[Source data]
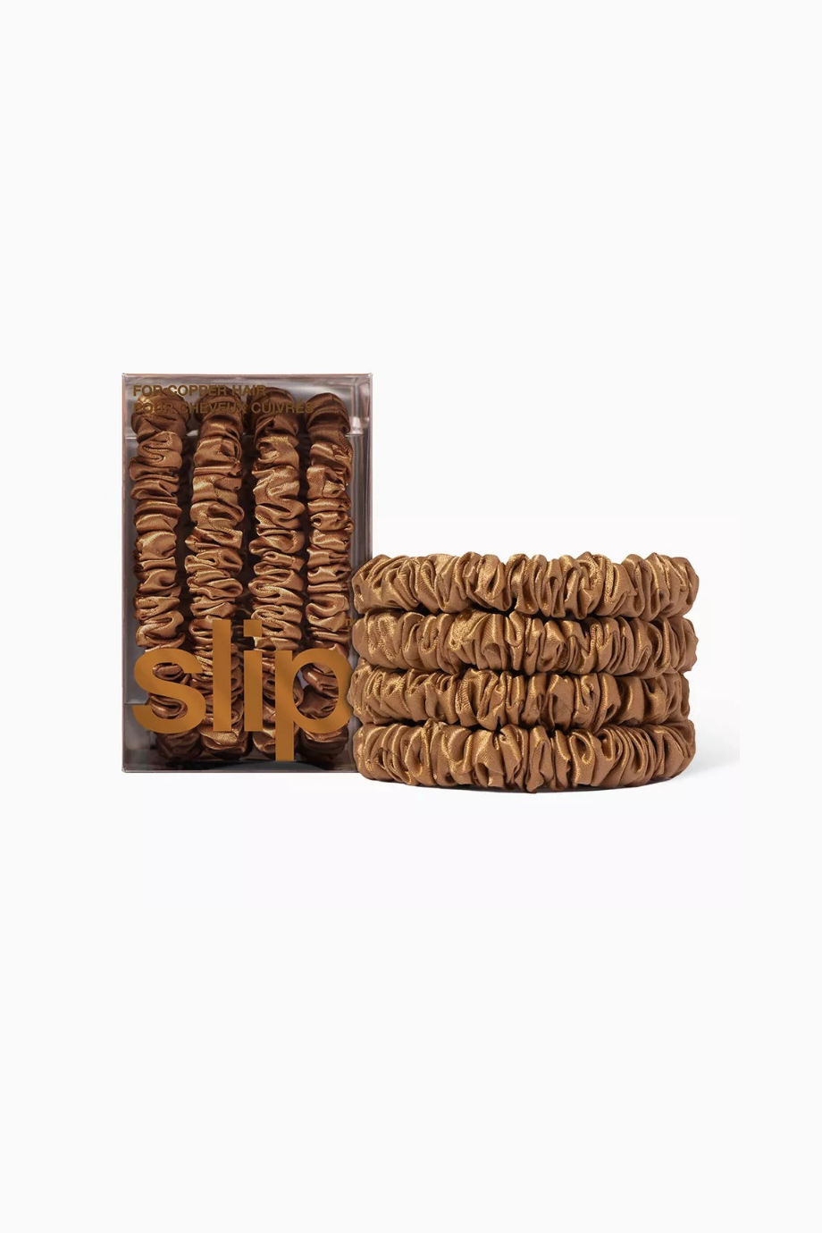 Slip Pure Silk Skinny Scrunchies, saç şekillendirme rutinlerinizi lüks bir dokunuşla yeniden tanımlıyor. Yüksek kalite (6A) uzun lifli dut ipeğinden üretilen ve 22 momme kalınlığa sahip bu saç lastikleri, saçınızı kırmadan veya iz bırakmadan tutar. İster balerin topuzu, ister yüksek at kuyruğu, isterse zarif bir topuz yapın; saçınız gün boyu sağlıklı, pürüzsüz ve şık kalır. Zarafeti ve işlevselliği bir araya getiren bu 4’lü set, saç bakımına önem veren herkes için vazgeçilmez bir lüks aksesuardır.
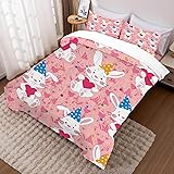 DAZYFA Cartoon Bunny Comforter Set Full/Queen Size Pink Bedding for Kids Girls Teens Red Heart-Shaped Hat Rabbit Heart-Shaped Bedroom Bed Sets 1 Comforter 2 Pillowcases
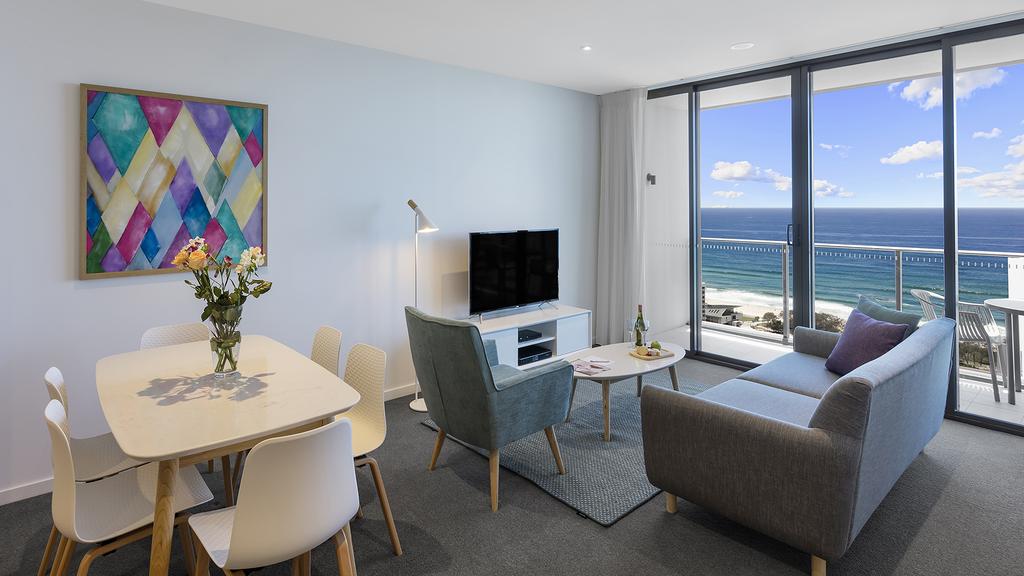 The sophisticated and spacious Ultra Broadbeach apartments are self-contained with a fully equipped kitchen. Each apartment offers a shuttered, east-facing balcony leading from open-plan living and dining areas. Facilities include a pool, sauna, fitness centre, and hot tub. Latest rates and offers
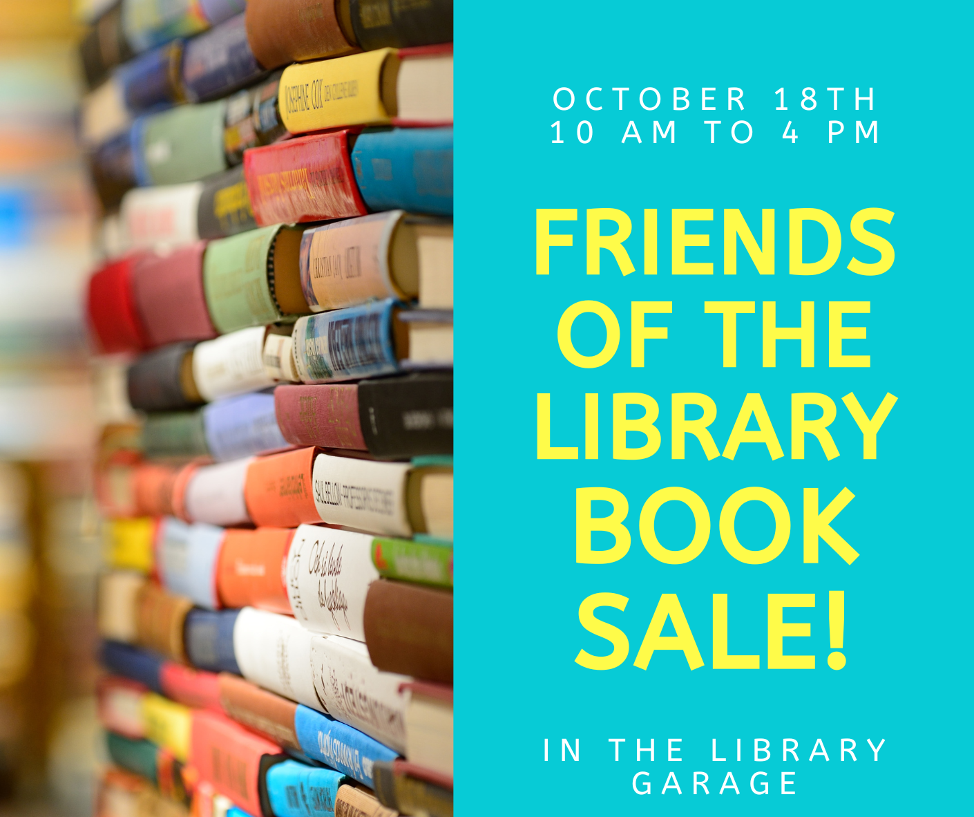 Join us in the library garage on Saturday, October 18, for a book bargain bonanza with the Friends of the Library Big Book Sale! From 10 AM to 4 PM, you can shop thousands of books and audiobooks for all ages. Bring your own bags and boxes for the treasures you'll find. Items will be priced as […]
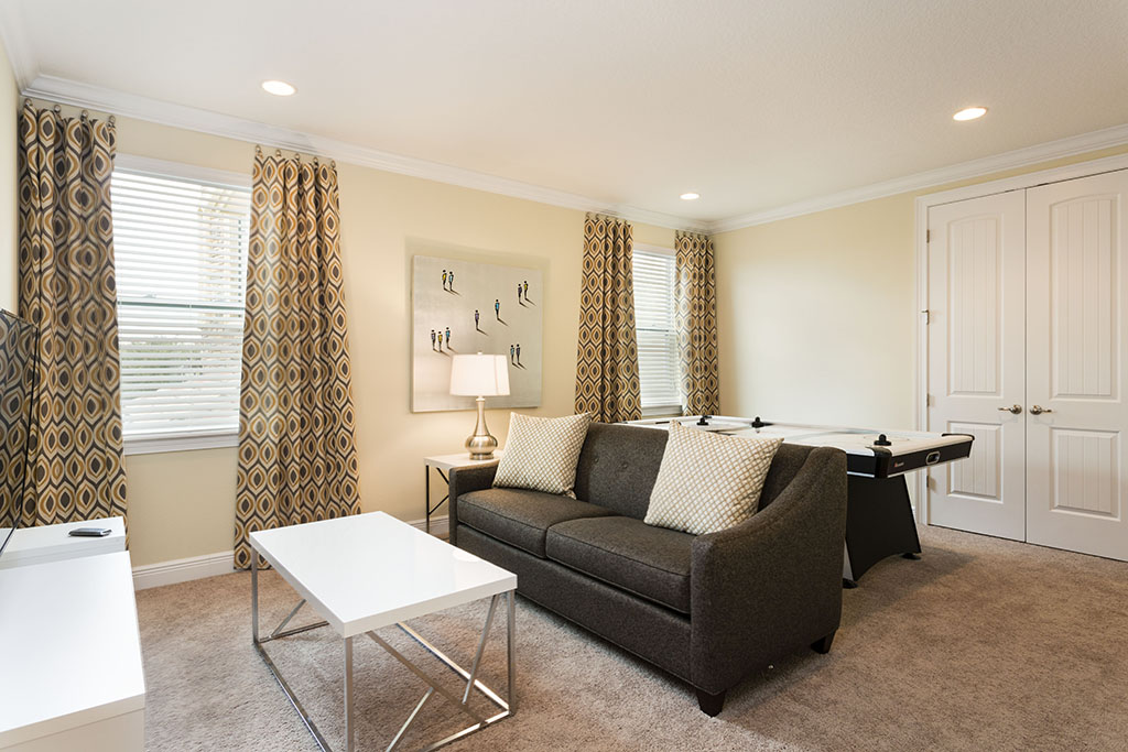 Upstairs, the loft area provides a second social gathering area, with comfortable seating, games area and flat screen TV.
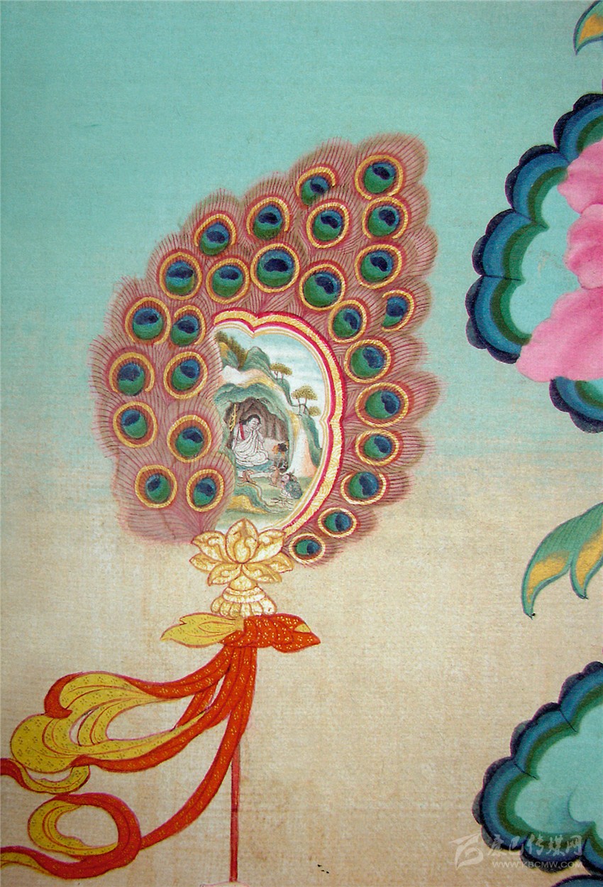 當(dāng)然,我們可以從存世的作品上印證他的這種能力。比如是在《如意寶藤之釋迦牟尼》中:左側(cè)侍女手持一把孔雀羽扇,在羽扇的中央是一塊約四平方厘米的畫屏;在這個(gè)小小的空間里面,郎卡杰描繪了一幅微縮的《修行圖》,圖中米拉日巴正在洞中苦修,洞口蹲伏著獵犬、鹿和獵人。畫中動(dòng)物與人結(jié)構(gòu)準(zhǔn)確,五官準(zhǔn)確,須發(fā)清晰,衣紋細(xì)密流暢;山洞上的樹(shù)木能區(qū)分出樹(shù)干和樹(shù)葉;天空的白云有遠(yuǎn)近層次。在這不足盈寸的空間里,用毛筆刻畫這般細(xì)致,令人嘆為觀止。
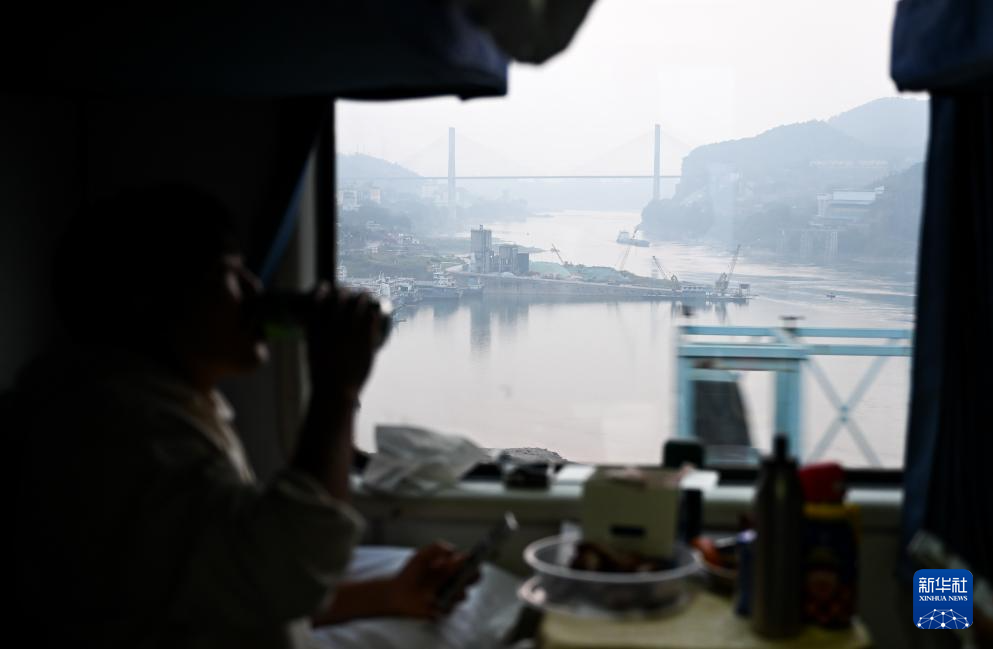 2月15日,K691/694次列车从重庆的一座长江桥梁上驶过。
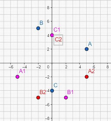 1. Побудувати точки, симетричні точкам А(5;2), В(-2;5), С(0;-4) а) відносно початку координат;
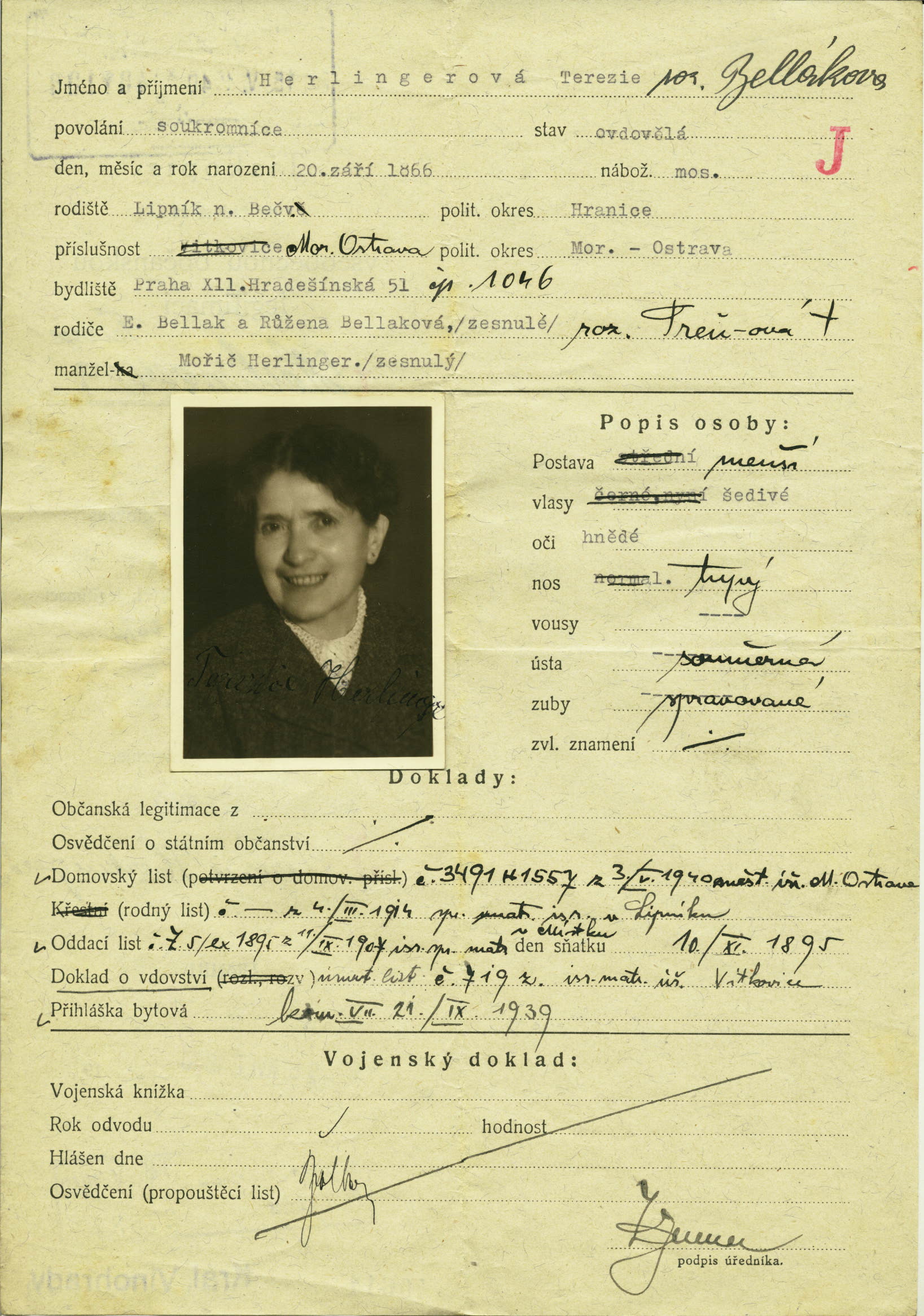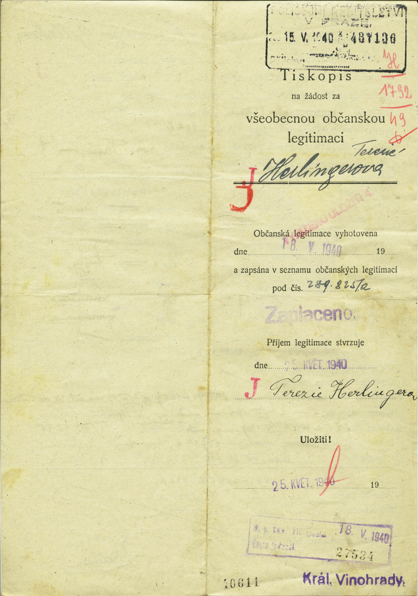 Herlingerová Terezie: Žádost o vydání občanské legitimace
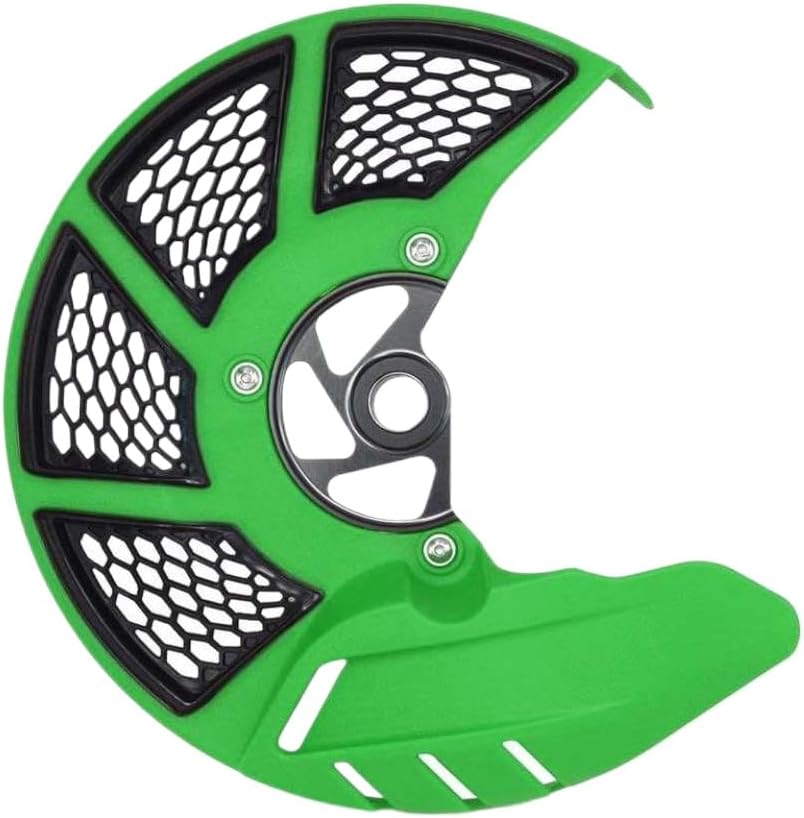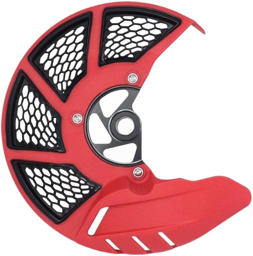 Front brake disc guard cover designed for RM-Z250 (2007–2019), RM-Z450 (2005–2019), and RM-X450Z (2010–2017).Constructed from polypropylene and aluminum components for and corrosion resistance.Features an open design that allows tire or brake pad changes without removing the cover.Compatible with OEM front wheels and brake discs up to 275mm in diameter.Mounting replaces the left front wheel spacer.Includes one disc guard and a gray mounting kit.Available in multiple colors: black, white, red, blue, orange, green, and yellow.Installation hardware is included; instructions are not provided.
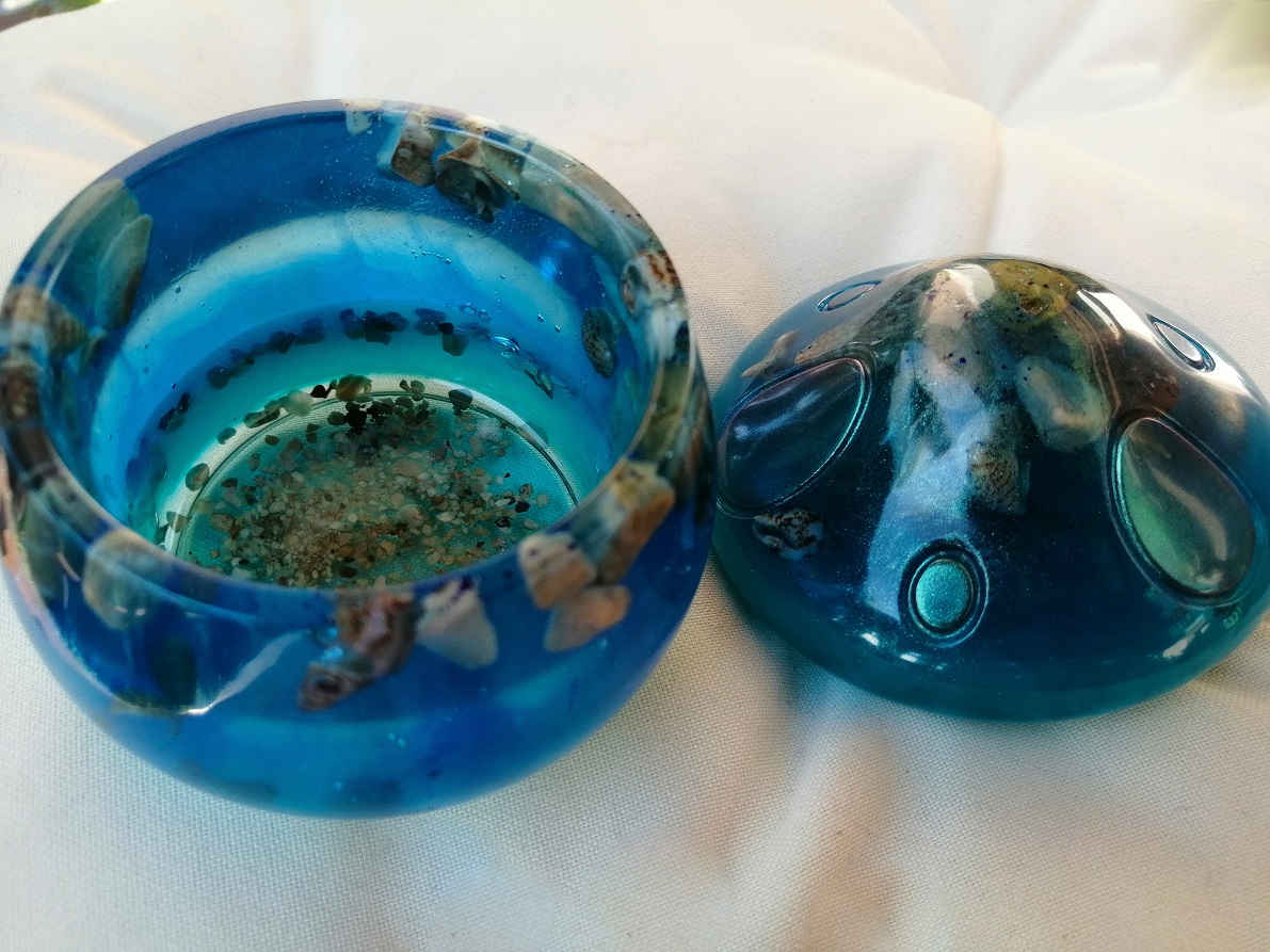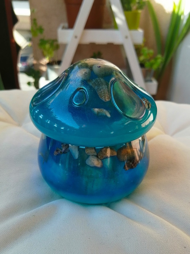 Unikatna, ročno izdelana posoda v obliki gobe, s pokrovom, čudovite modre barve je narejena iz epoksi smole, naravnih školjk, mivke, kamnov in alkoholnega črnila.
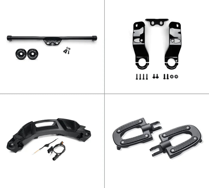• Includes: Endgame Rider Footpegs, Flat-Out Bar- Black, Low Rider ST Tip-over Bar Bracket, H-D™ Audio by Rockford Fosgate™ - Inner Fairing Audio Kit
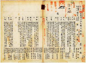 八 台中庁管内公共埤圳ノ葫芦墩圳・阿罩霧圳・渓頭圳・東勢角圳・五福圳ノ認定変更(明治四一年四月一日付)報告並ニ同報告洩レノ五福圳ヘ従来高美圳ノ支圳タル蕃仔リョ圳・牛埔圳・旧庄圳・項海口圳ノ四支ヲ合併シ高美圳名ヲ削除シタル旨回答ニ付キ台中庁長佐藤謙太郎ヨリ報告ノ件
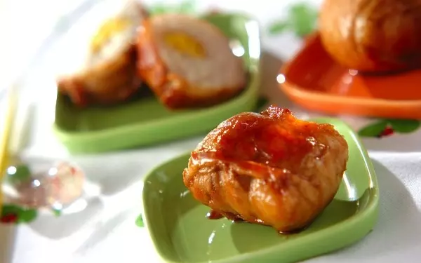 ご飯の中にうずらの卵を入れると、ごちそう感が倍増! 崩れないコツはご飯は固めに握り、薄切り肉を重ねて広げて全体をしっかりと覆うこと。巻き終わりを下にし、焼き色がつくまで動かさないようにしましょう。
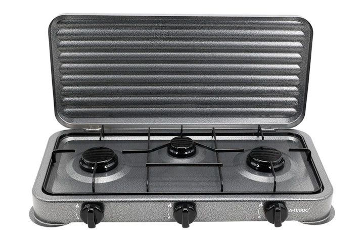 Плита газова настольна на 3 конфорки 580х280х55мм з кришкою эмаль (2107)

[What the exercise asks]
In the material above, the stretch from the line with "1. Побудувати точки, симетричні" through the line with "Herlingerová Terezie: Žádost" is to be given again exactly, minus the pictures.

[Answer]
 1. Побудувати точки, симетричні точкам А(5;2), В(-2;5), С(0;-4) а) відносно початку координат;
 Herlingerová Terezie: Žádost o vydání občanské legitimace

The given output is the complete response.